Innover ou stagner : le Nobel d’Économie 2025 et la révolution de la destruction créatrice

Comment les idées de Joel Mokyr, Philippe Aghion et Peter Howitt redéfinissent la croissance économique… et pourquoi certains préviennent que tout progrès n’est pas équivalent.


Introduction

En octobre 2025, le monde académique a récompensé une idée aussi puissante que provocante : que le véritable moteur de la croissance économique durable n’est pas seulement le capital ou le travail, mais la capacité à innover — et à détruire l’ancien pour laisser place au nouveau. Le comité du prix de la Royal Swedish Academy of Sciences a attribué le Sveriges Riksbank Prize in Economic Sciences in Memory of Alfred Nobel 2025 à Mokyr, Aghion et Howitt « pour avoir expliqué la croissance économique portée par l’innovation ». (NobelPrize.org)
Du point de vue d’un ingénieur, d’un professionnel latino-américain et d’une personne ayant vécu dans des contextes divers (ressources naturelles, services globaux, transfert technologique), ce prix n’est pas une simple annonce académique : c’est une invitation à repenser comment et pourquoi les économies avancent, ou stagnent.


1. Le cœur du Nobel : l’innovation comme moteur de croissance

La contribution d’Aghion & Howitt se centre sur l’idée de la « destruction créatrice ». Dans leur modèle — inspiré de la pensée de Joseph Schumpeter — chaque innovation représente une double face : créative, car elle ouvre de nouvelles possibilités, et destructrice, car elle remplace des technologies, produits ou processus antérieurs. (NobelPrize.org)
Imaginons une industrie : apparaît une machine qui fait le travail de dix anciennes. C’est de la technologie qui pousse la croissance. Mais en le faisant, elle rend obsolète l’ancienne machine et possiblement le travailleur qui l’utilisait. Il ne suffit pas d’accumuler de la technologie : il doit y avoir un remplacement dynamique. Dans le modèle, ce renouvellement constant est ce qui permet à la productivité de croître, et donc à l’économie.

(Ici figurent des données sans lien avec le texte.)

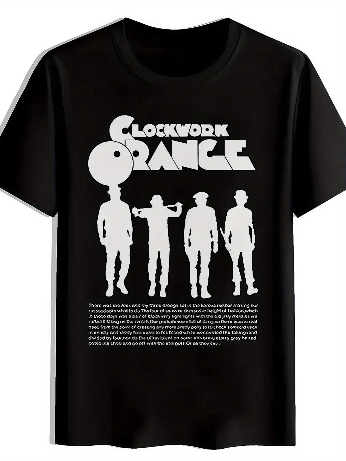 Inform when this item available Men'S Black "Clockwork Orange" Graphic T-Shirt - Retro Rock Band Design, Short Sleeve, Round Neck,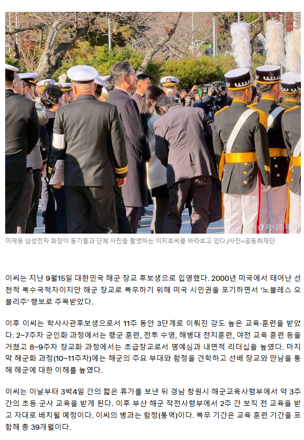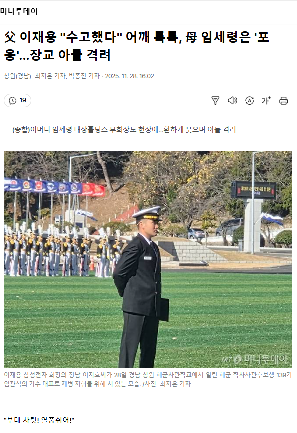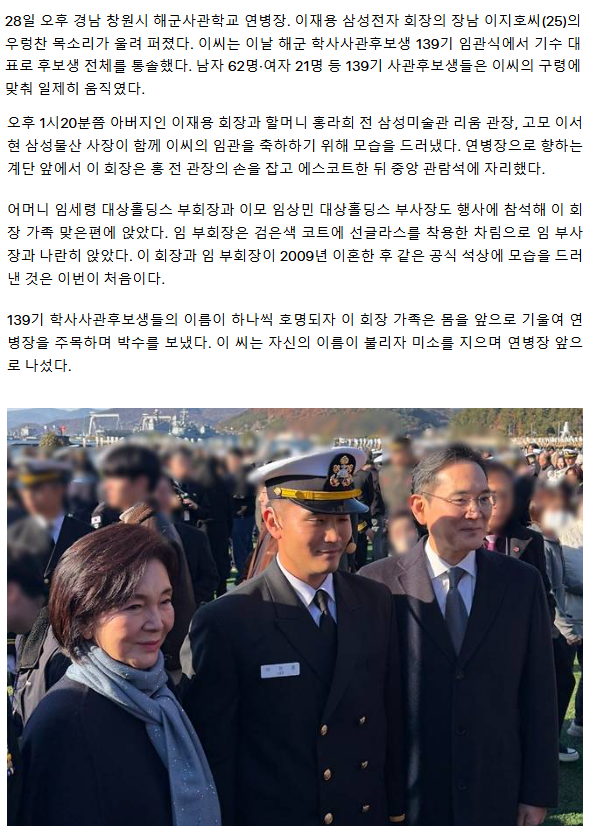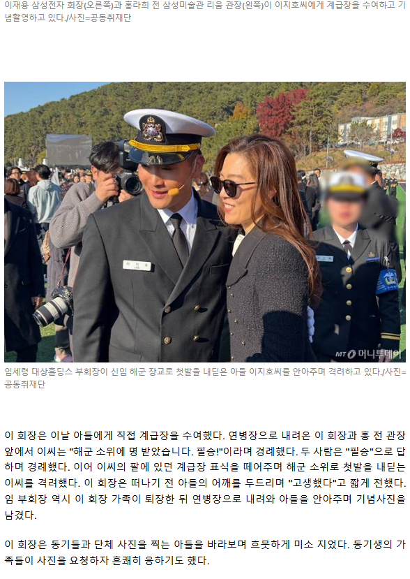 父 이재용 "수고했다" 어깨 툭툭, 母 임세령은 '포옹'...장교 아들 격려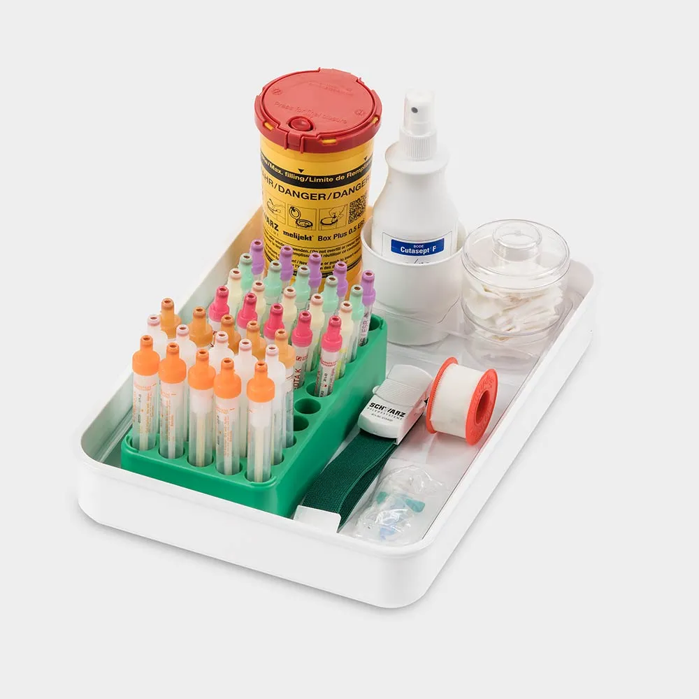 mit Tablett-Einsatz 1 Kanülensammelbox 2 Utensilienbecher rund und 1 Tupferbecher mit Deckel Außenmaße: L 433 x B 253 x H 55 mm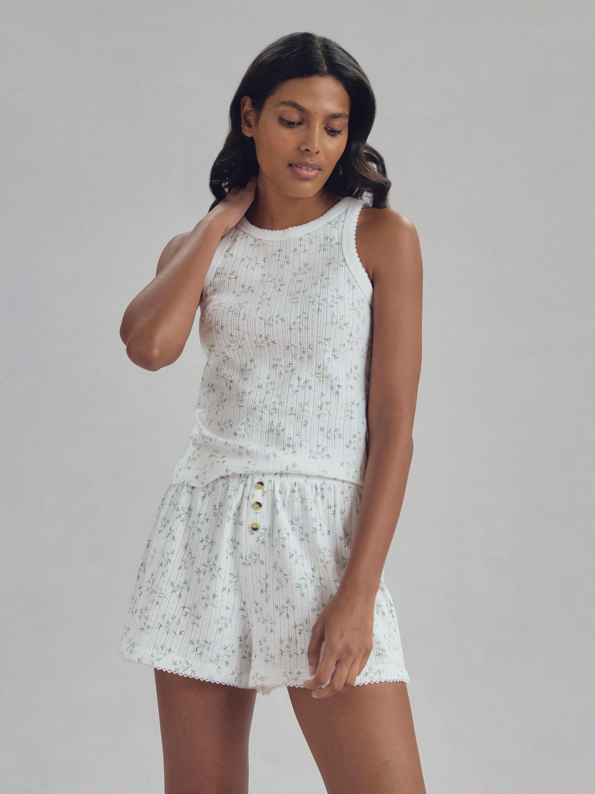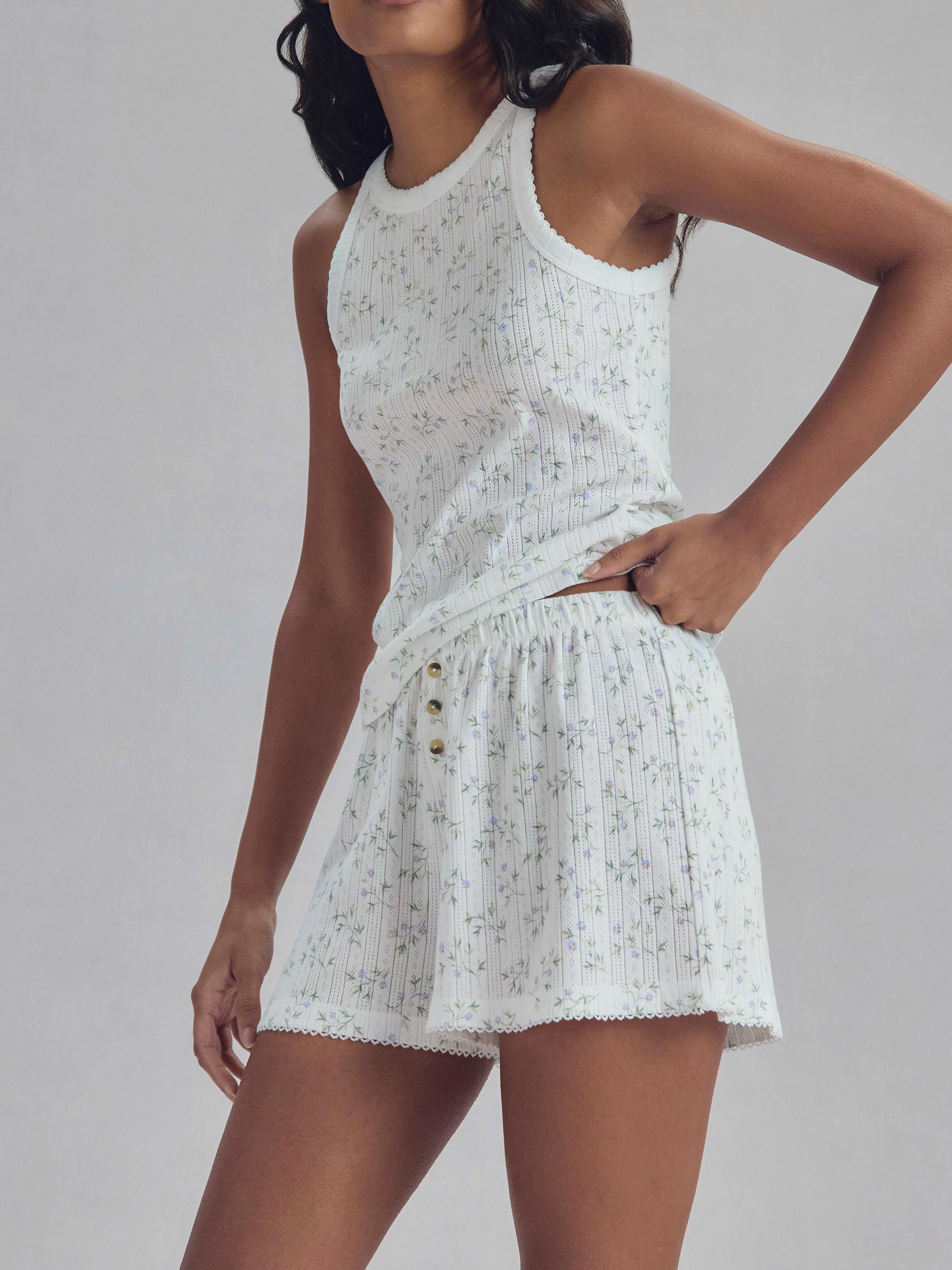 Our boxer-style pyjama shorts are made from 100% organic cotton with a breathable pointelle base and delicate floral Spring Sprig print. Comfortable and airy, they’re finished with fly detailing and a picot trim hem.

Voici la première mise en garde : toutes les innovations ne conduisent pas automatiquement au bien commun. Certains économistes signalent que la destruction créatrice peut générer des gagnants puissants et des victimes — entreprises obsolètes, travailleurs déplacés, régions à la traîne — s’il n’existe pas d’institutions pour gérer la transition. (The Undercover Historian)
Ainsi, l’innovation comme moteur implique une tension : l’innovation oui, mais avec une capacité d’absorption, d’adaptation et de redistribution.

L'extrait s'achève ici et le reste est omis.